Supplied data >>
• • • • •
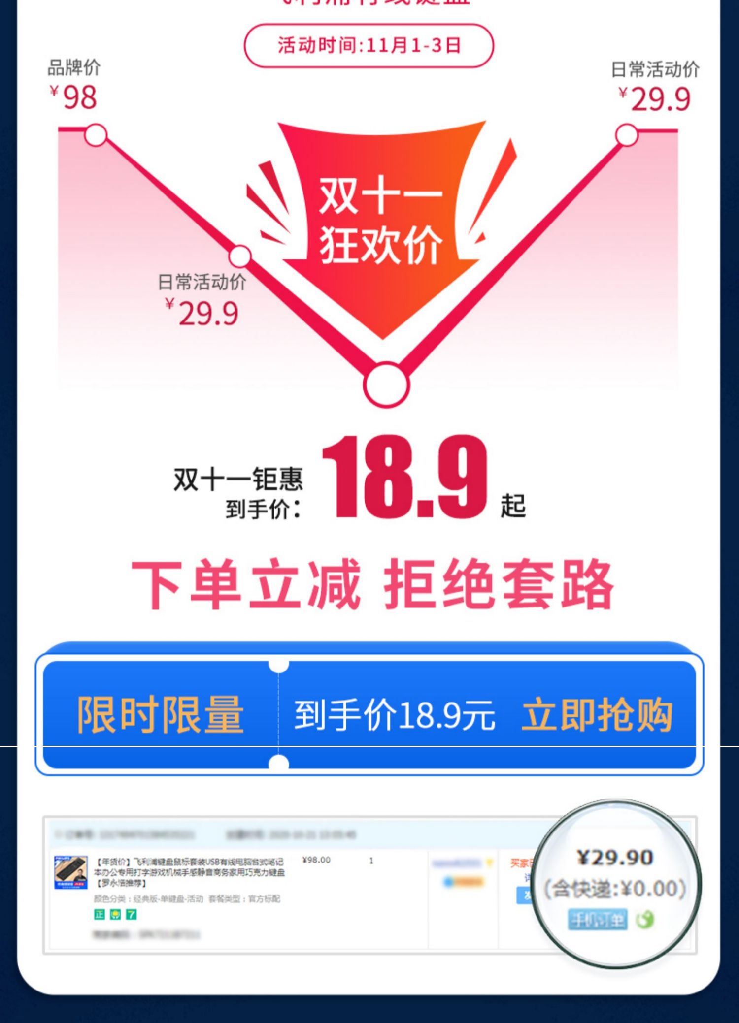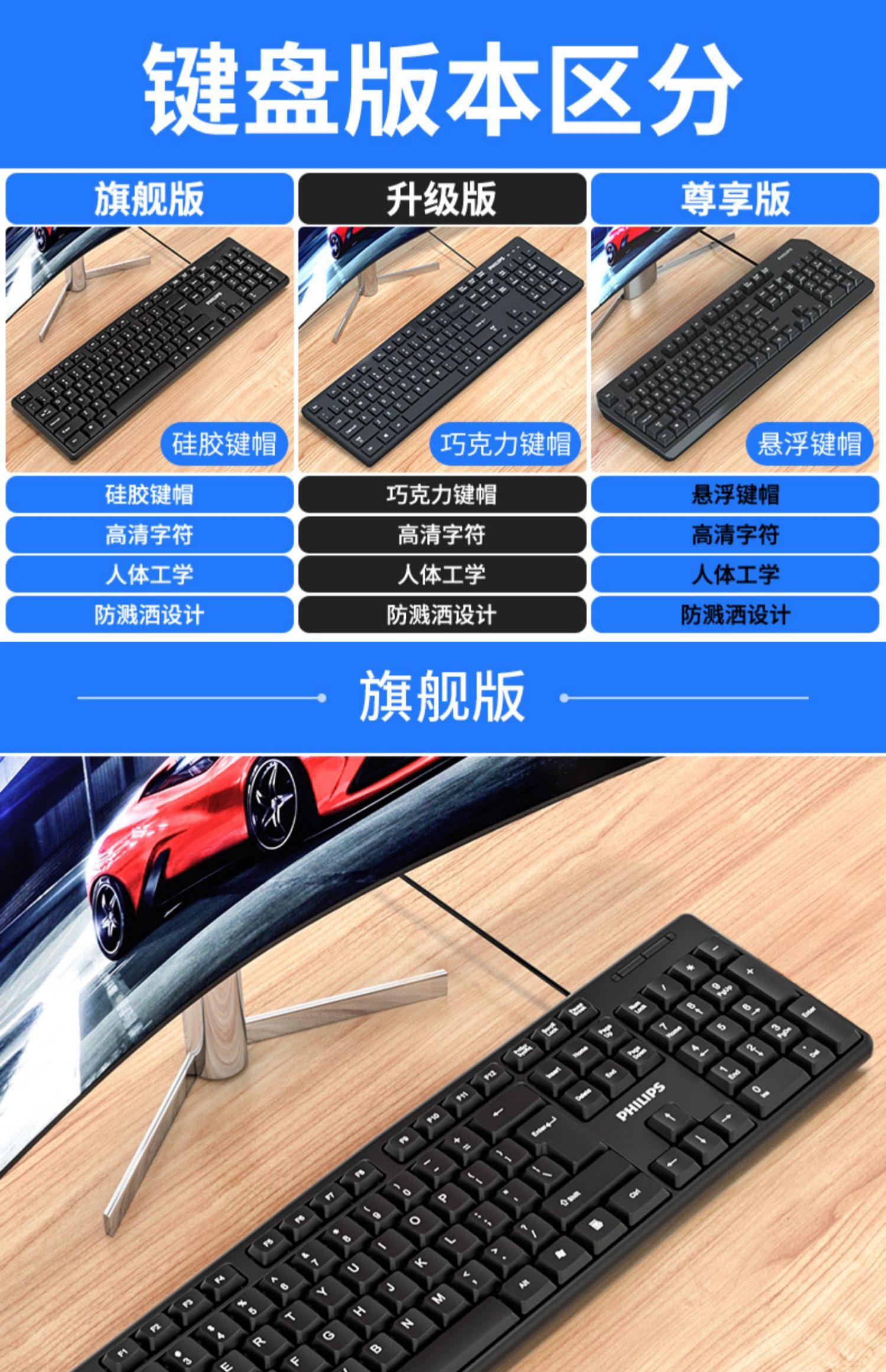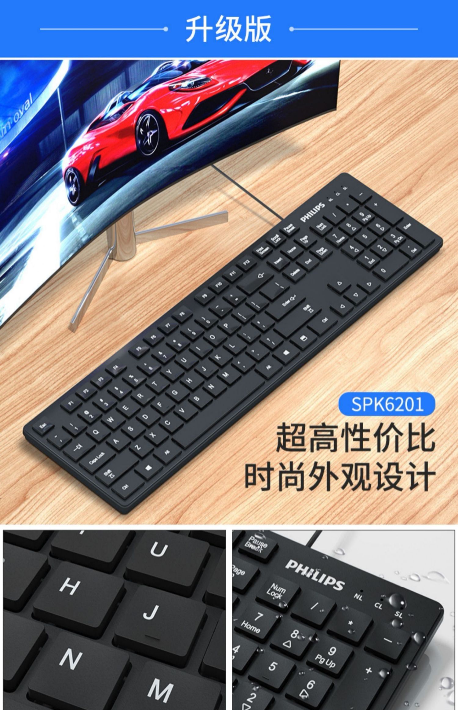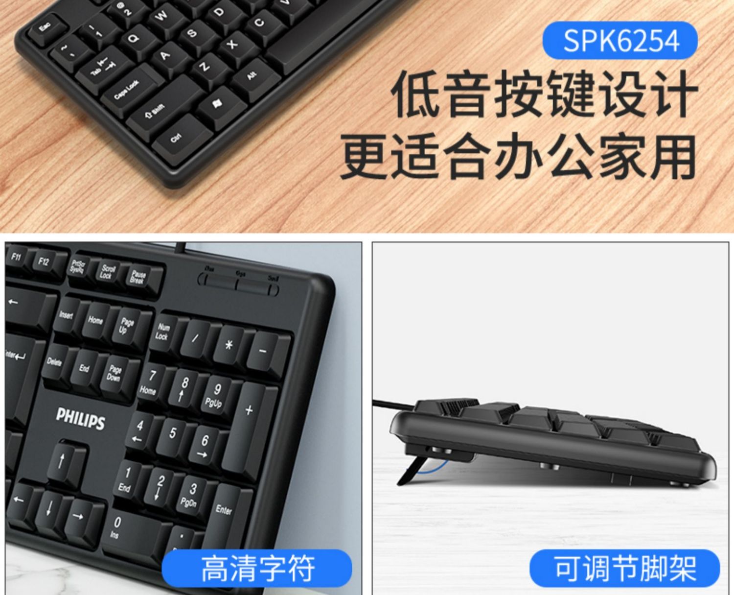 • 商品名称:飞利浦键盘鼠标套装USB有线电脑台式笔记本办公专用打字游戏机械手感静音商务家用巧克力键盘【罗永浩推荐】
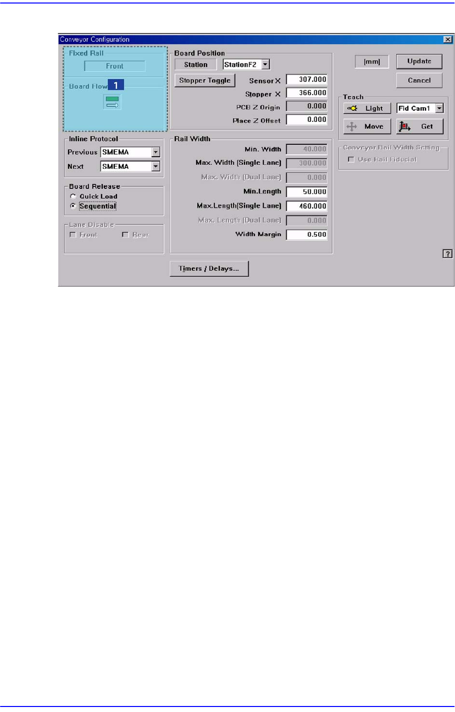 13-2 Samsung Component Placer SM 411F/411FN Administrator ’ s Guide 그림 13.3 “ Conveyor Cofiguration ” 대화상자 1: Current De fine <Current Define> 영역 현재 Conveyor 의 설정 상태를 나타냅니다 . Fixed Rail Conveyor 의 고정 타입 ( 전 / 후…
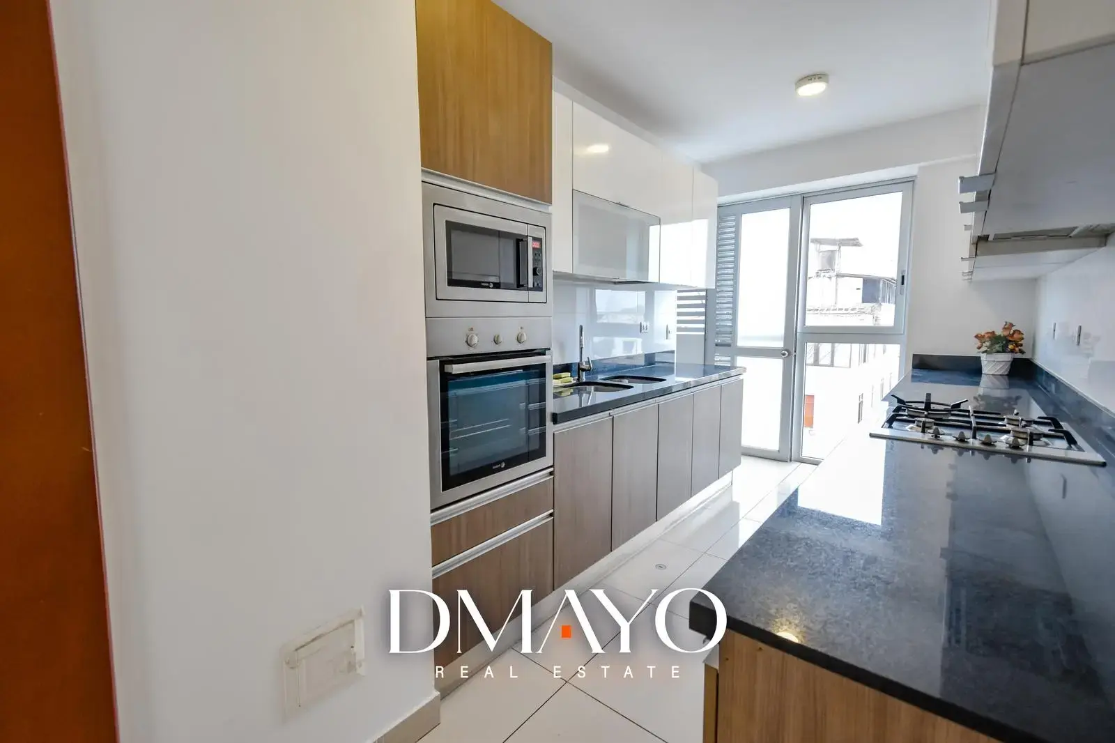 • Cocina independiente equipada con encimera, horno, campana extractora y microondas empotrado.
• • • • •
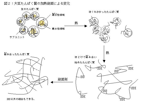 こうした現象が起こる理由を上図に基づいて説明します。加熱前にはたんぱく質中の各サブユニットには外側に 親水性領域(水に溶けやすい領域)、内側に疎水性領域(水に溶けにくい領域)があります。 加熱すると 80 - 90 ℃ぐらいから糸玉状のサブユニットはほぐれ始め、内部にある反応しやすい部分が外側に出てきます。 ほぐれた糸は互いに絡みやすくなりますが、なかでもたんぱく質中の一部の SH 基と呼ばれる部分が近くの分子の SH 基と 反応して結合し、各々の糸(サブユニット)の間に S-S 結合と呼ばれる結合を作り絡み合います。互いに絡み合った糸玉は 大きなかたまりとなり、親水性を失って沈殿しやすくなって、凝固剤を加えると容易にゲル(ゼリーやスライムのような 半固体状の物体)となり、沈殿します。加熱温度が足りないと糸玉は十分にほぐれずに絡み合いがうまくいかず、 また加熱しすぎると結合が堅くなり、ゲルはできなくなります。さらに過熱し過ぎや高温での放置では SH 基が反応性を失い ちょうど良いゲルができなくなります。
• • • • •
Task prompt >> In the listing above, find the line with "13-2 Samsung Component" and the line with "y microondas empotrado.". Copy exactly those lines and all between them, minus the images.

Task solution >>
 13-2 Samsung Component Placer SM 411F/411FN Administrator ’ s Guide 그림 13.3 “ Conveyor Cofiguration ” 대화상자 1: Current De fine <Current Define> 영역 현재 Conveyor 의 설정 상태를 나타냅니다 . Fixed Rail Conveyor 의 고정 타입 ( 전 / 후…
 • Cocina independiente equipada con encimera, horno, campana extractora y microondas empotrado.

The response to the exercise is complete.